Simbarashe Cha

Photos From the March on Washington

On the 57th anniversary of the historic March on Washington for Jobs and Freedom, thousands gathered to demand social justice.

Photographs by Simbarashe Cha and Myesha Evon

On Friday, tens of thousands of people gathered from across the country at the Lincoln Memorial in Washington, D.C., on the 57th anniversary of the historic March on Washington for Jobs and Freedom, to continue rallying for social justice issues in the United States. The march, organized by the Reverend Al Sharpton and the National Action Network, was called the “Get Your Knee Off Our Necks” Commitment March on Washington, and featured speeches from the steps of the Lincoln Memorial followed by a march to the Martin Luther King Jr. Memorial.

Simbarashe Cha, a photographer who spent nearly 10 hours on the National Mall in 90-plus-degree heat to photograph the march for The Atlantic, says the biggest challenge was “not security, or the police, or the reality of racism that is always just around the corner ... It was the heat. It oppressed and it suffocated and it tried its damnedest to put us in a submissive chokehold, and nowhere was it hotter than on the steps of the Lincoln Memorial, the stone and concrete serving as a heat magnet for anyone who braved the sun out from beneath the trees. And yet, nearly everyone stayed.”

“During these times, it is important for us to choose how we show up in the world,” says Myesha Evon, another photographer who covered the march for The Atlantic. “I wanted to capture the joy, intimacy, diversity, and unity of the movement."

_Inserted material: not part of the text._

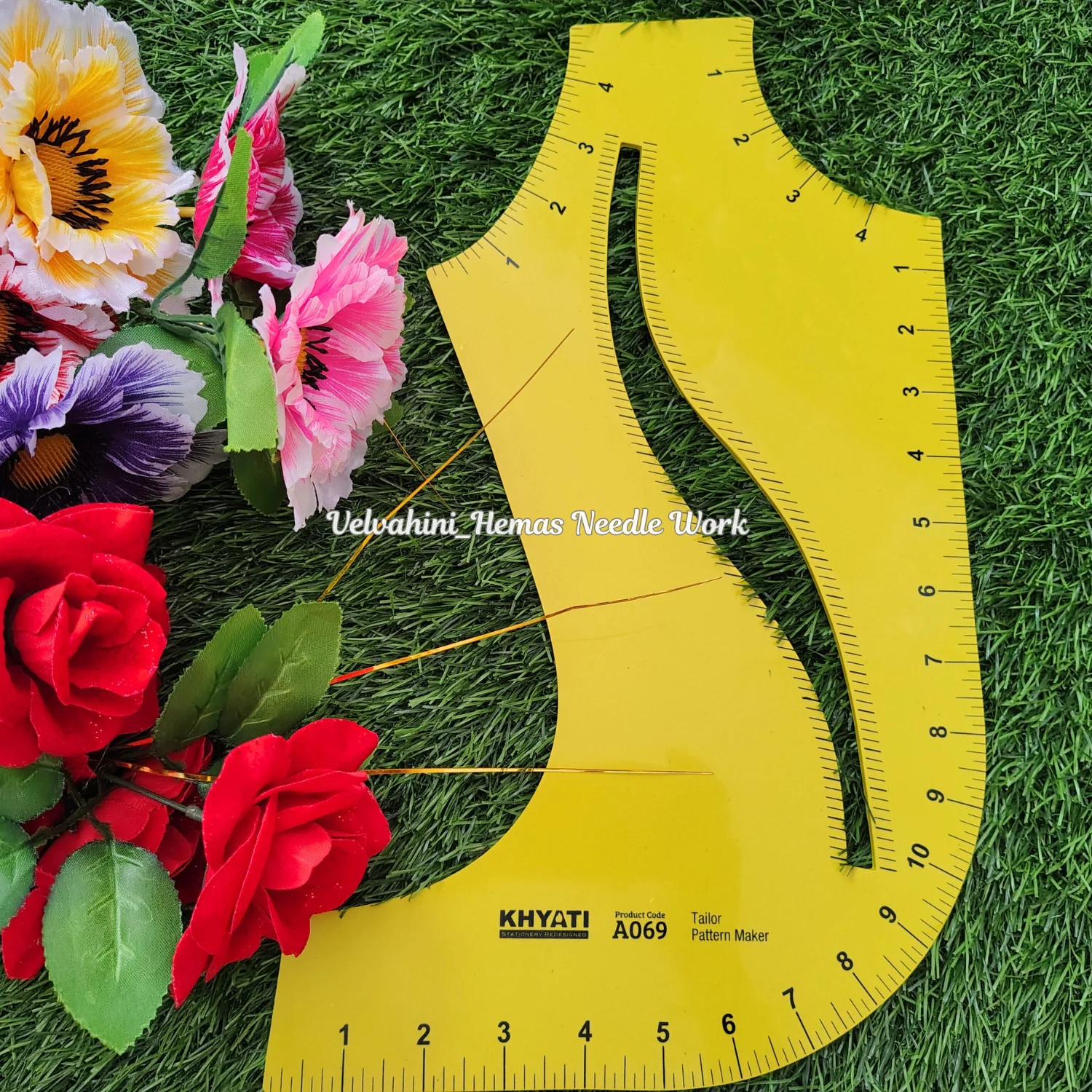 A pattern maker is a versatile drafting tool used in blouse construction to draw accurate necklines, sleeve curves, and straight lines. It helps maintain precision and symmetry in pattern making, ensuring a neat fit and professional finish.

“There was something surreal about seeing the sea of people line up and down the mall, knowing that Lincoln’s statue sat watching all of us, and that once upon a time, a group of Black leaders led by Dr. Martin Luther King stood in this very place and delivered one of the most iconic speeches the world has ever known,” Cha says. “It is one of the most beautiful things I’ll ever get to witness. But there shouldn’t be a rally; no one should have had to be there. I often ask myself: Will we ever fully realize Dr. King’s dream? What will it take?”